Member of the National Assembly
- In office 3 August 2020 – 19 May 2021

Personal details
- Born: 6 September 1965 (age 60) Belgrade, SR Serbia, SFR Yugoslavia
- Party: DS (until 2014) DJB (2014–2015) SPS (2015–present)
- Children: 2
- Alma mater: University of Belgrade
- Occupation: Politician
- Profession: Historian

= Predrag J. Marković =

Serbian politician and historian

Predrag J. Marković (born 6 September 1965) is a Serbian politician and historian.

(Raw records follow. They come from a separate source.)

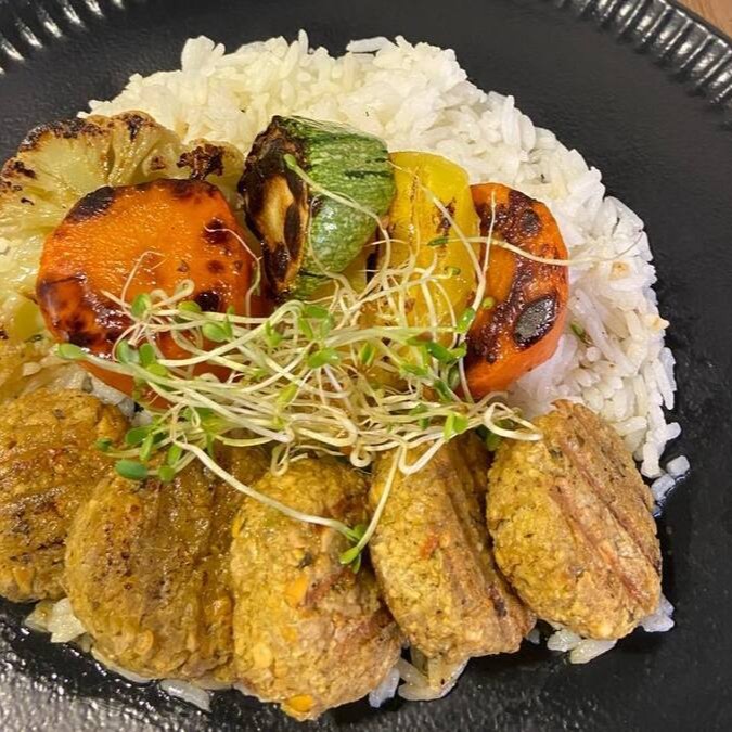 Arroz soltinho, feijão bem temperado, salada, legumes e falafel crocante 125g. Alimento livre de glúten e leite animal. Sem contaminação cruzada.
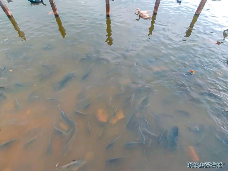 水裡魚超多,而且每隻都很大,似乎是被餵得很飽XD。
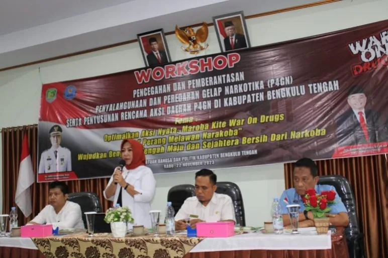 TEROPONGPUBLIK.CO.ID >><< Pemerintah Kabupaten Bengkulu Tengah melalui Badan Kesatuan Bangsa dan Politik (Kesbangpol) mengadakan Workshop dan Penyusunan Rencana Aksi Daerah (RAD) terkait Pencegahan dan Pemberantasan Penyalahgunaan dan Peredaran Gelar Narkotika (P4GN) di Balai Sindu pada Kamis (23/11/2023).
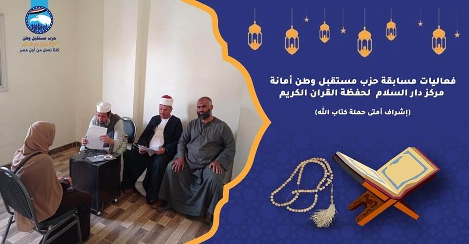 تواصل أمانة مركز دار السلام، فعاليات المسابقة الدينية، لحفظة القرآن الكريم، حيث جريت فعاليات المسابقة بمقر أمانة المركز، تحت عنوان "إشراف أمتي حملة كتاب الله"، وشهدت المسابقة إقبال كبير من المتسابقين من مختلف الفئات العمرية.
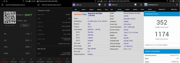 Trong các bài kiểm tra bằng các phần mềm chuyên sâu như Antutu v6.0 điểm số tổng mà M3 đạt được là 20.477 còn với phần mềm Geek Bench con số này là 1174 (đồ họa). Trong các tác vụ thông thường, M3 tỏ ra khá đơn giản để xử lý và hầu hết đều đạt mức yêu cầu mà mình đưa ra tuy nhiên nếu dùng quá nhiều ứng dụng một lúc thì đôi khi vẫn gặp trường hợp cảm ứng chậm hay giật. Khắc phục điều này, các bạn nhớ tắt bớt ứng dụng chạy ngầm để có trải nghiệm tốt hơn.

A member of the National Assembly of Serbia from 2020 to 2021, he is currently serving as one of the vice-presidents of the Socialist Party of Serbia.

== Early life ==
Marković was born on 6 September 1965 in Belgrade, SR Serbia, SFR Yugoslavia. He graduated history from the Faculty of Philosophy of the University of Belgrade in 1995.

== Career ==
Marković was a member of the Democratic Party until 2014, when he left the party and joined the Enough is Enough movement. He was its member until 2015 when he joined the Socialist Party of Serbia and became one of its vice-presidents.

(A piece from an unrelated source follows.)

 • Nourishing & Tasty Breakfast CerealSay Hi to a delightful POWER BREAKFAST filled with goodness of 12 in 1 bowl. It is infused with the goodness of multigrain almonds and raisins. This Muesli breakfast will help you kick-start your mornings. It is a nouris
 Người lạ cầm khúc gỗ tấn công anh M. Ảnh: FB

He became a member of the National Assembly of Serbia after the 2020 parliamentary election, though he resigned on 19 May 2021.

== Personal life ==
He is married and has two children.

==Works==
- Books
- Beograd i Evropa 1918-1941. – Evropski uticaji na modernizaciju Belgradea, (Belgrade: Savremena administracija, 1992), 234.
- Beograd između Istoka i Zapada 1948-1965, (Belgrade: Službeni list 1996) 547.
- Sindikati Beograda 1945-1998,co-author sa V. Glišićem, M. Pavlovićem, M. Aćimovićem (Belgrade: Gradsko veće SSJ, 1999), 536
- Radna sveska iz istorije za 8. razred osnovne školeco-author sa K. Nikolićem, (Belgrade: Zavod za udžbenike i nastavna sredstva, 2002), 92 (prevedena na mađarski, rumunski i slovački; drugo prošireno izdanje 2004), 96.
- Ethnic Stereotypes: ubiquitous, local, or migrating phenomena? -The Serbian-Albanian Case, (Bonn:Michael Zikic Stiftung, 2003) 95 (drugo izdanje 2004)
- Moderna srpska država 1804-2004 : hronologija (The Modern Serbian State:A Chronology) (coauthor ) Belgrade : Istorijski arhiv Belgradea, 2004, 534
- Kosovo. Prošlost, Pamćenje, Stvarnost. (Kosovo:Past,Memory, Reality) co-author with M. Pavlović, (Belgrade-Novi Sad:Preporod, 2006), 564.
- Trajnost i promena. Društvena istorija socijalističke i postsocijalističke svakodnevice u Jugoslaviji i Srbiji , (Belgrade: Službeni glasnik, 2007), 184.
- Lišće i prašina , (Belgrade: Arhipelag, 2012), 268.
- Istorijske neprilike, (Belgrade: Arhipelag, 2018)
- Alternativna istorija Srbije, co-author with Čedomir Antić, (Belgrade: Službeni glasnik, 2007), 264.